Не успела она выписаться из клиники в Нейи, как ей пришлось лечь в госпиталь Гарша для прохождения курса лечения от последствий употребления пальфия. Ей предстояло каждый день постепенно уменьшать дозу – только так она могла избавиться от пагубного влияния наркотика. «Эта изнурительная тошнотворная борьба научила меня уважать себя, чего раньше со мной никогда не случалось». Во время этого лечения она начала вести дневник, который будет опубликован семь лет спустя в издательстве «Жюльяр» под названием «Токсик». Принимая во внимание скромность и сдержанность моей матери, я полагаю, этот дневник был для нее отдушиной, маяком в борьбе с демонами безумия, которые, как ей мнилось, подстерегали ее за каждой дверью больницы. Но это был и своеобразный писательский проект, который она хотела передать издателю после завершения своего лечения. Сама она так говорила об этом: «Уж лучше я буду писать повесть, чем издеваться над самой собой»[14]. По чистой случайности, но по совету Рене Жюльяра текст прочитал близкий друг издателя Бернар Бюффе. Именно он высказал идею сделать из повести целую книгу, то есть, по сути, стал ее соавтором. Книга «Токсик» вышла в свет в 1964 году тиражом четыре тысячи экземпляров, однако событие это прошло тихо и малозаметно.

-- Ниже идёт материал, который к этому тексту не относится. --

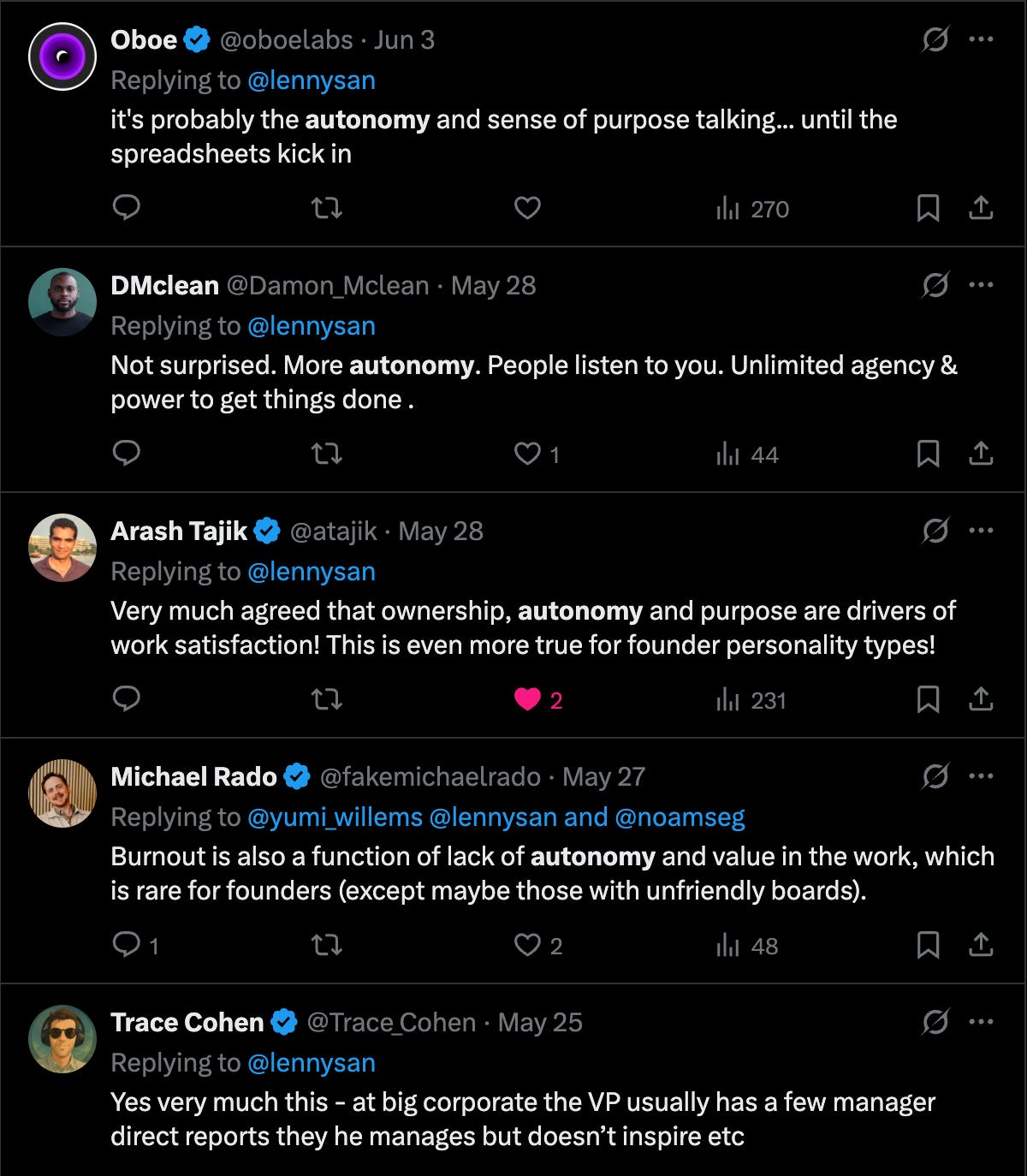Many people we heard from immediately identified that autonomy is a critical ingredient to being happy at work.

Мы с матерью никогда всерьез не заговаривали о наркотиках, поскольку считали подобные темы бессмысленными. Она знала наверняка, что я знал о ее зависимости – что она должна была мне сказать? К тому же мне казалось, что зависимость – это страшное, но вместе с тем совершенно простое явление: она должна была с ней жить, таскать ее за собой, как на веревке. Пытаясь от нее отдалиться, мать чувствовала себя прескверно – возвращение же к наркотикам прочило ей ад и смерть. Это и было главным. Так что по данному вопросу для меня не существовало ровным счетом ничего нового, во всяком случае, ничего, что показалось бы мне неприятным или отталкивающим.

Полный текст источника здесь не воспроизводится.